One reader, Liz, wrote, “Nobody seems to notice that when Trump pulled out of the Accord, he NEVER said he would not protect this country’s efforts for clean air, just that it was a bad financial deal for U.S. Giving billions away, while Russia, China, and India contributed NOTHING? I don’t think so.”

Another reader, Wolf Woman, commented:

Mayor Barry is a typical progressive hack politician who parrots the party line of “cool” global elitists and who wouldn’t know how to interpret a hockey stick graph if their life depended on it.

Maybe she should concentrate on stopping the crime in neighborhoods like Sylvan Park, Belmont and Antioch.(Remember she’s in charge of the police so if they’re ineffectual, she shoulders the blame.) Of course if her dreams come true, Nashville will be a sanctuary city for illegal aliens. That will help the crime rate for sure.

“As of this writing, the article has over 30,000 Facebook shares (that we know of), but that number is changing by the moment.”

“We use sophisticated analytics software to monitor activity on the website,” Botteri explained. “Specifically, we can see – anonymously – where people are coming from geographically and what stories are being read, in real time. At its peak, we were blazing our servers with 485 individuals a minute.”

Despite their best efforts, The Tennessee Star went down a handful of times throughout the day for short periods of time. “Twenty-five or thirty minutes doesn’t seem like a lot of time – but it feels like an eternity when you’re waiting for server software to reboot!” Botteri said.

The spike in traffic Monday – and again Tuesday – caused The Tennessee Star team to move up its scheduled server upgrade. “We pulled the trigger last night to a much, much larger system that will be able to serve up more stories, pictures, videos, and audio faster and to a great deal more visitors,” Botteri said. “In the meantime, we were able to increase our effective server load by optimizing our data, which helped minimize these short-term outages.”

Where are all these visitors coming from? “Our readership is by far Tennessee-based,” Botteri said.

The Tennessee Star is the only consistently conservative media outlet in the state of Tennessee. This is a conservative state, and Tennesseans have wanted a fact-based news site with a conservative perspective for many years.
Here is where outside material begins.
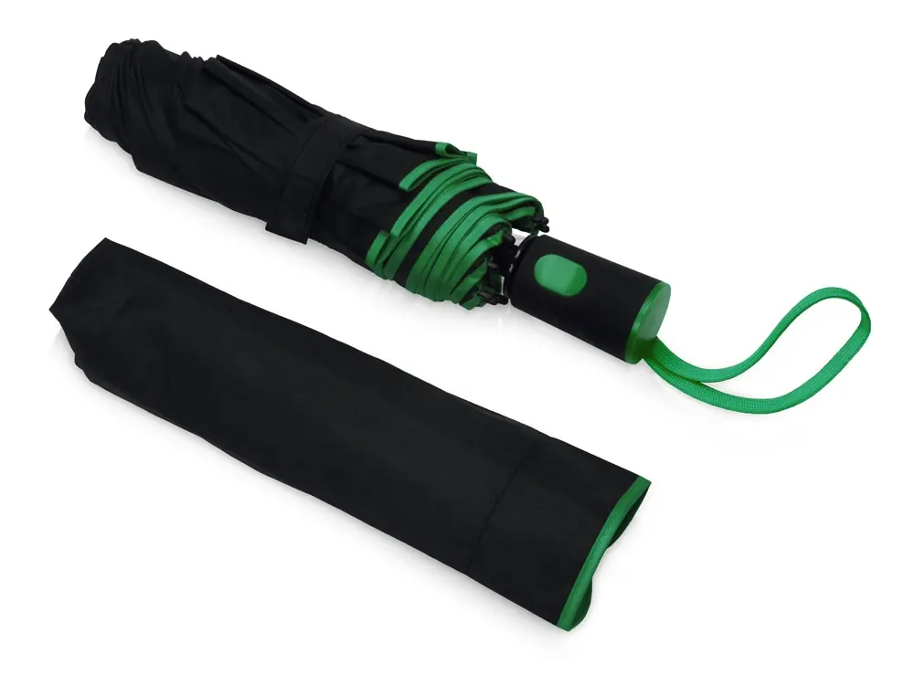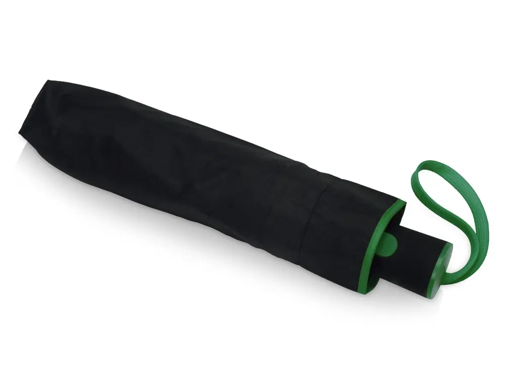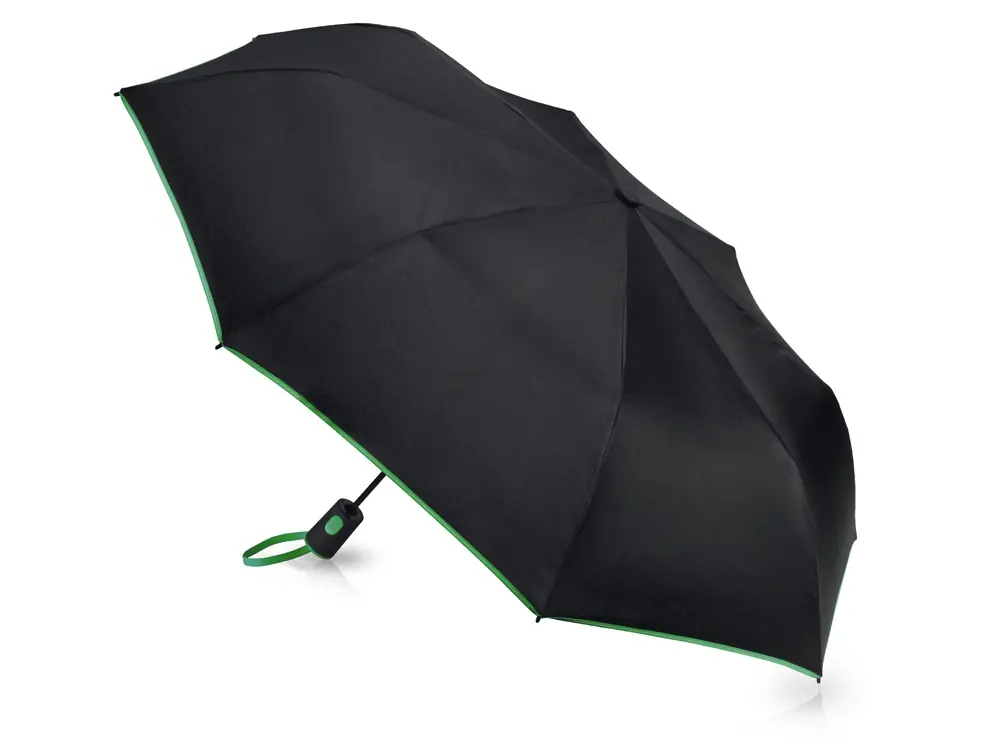 Зонт-полуавтомат складной Motley с цветными спицами, черный/зеленый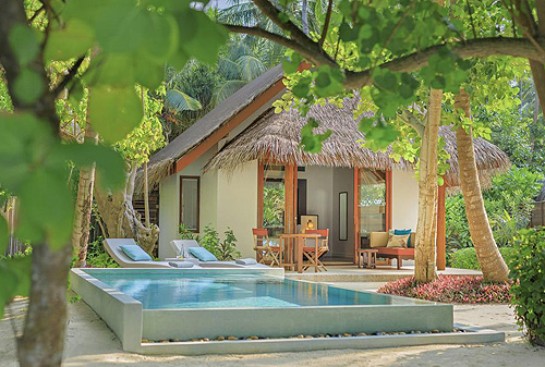 кушеткой, персональным бассейном и спуском в лагуну.

That’s what we offer, and that’s why we’ve seen such tremendous traffic,” she said, recalling her recent remarks when The Star passed the 1,000,000 visitor mark last month.

“People are smart and they want to be informed and not preached at or dictated to, and I believe that is a big part of why we are growing at such a substantial rate – especially compared to other area news outlets,” she said.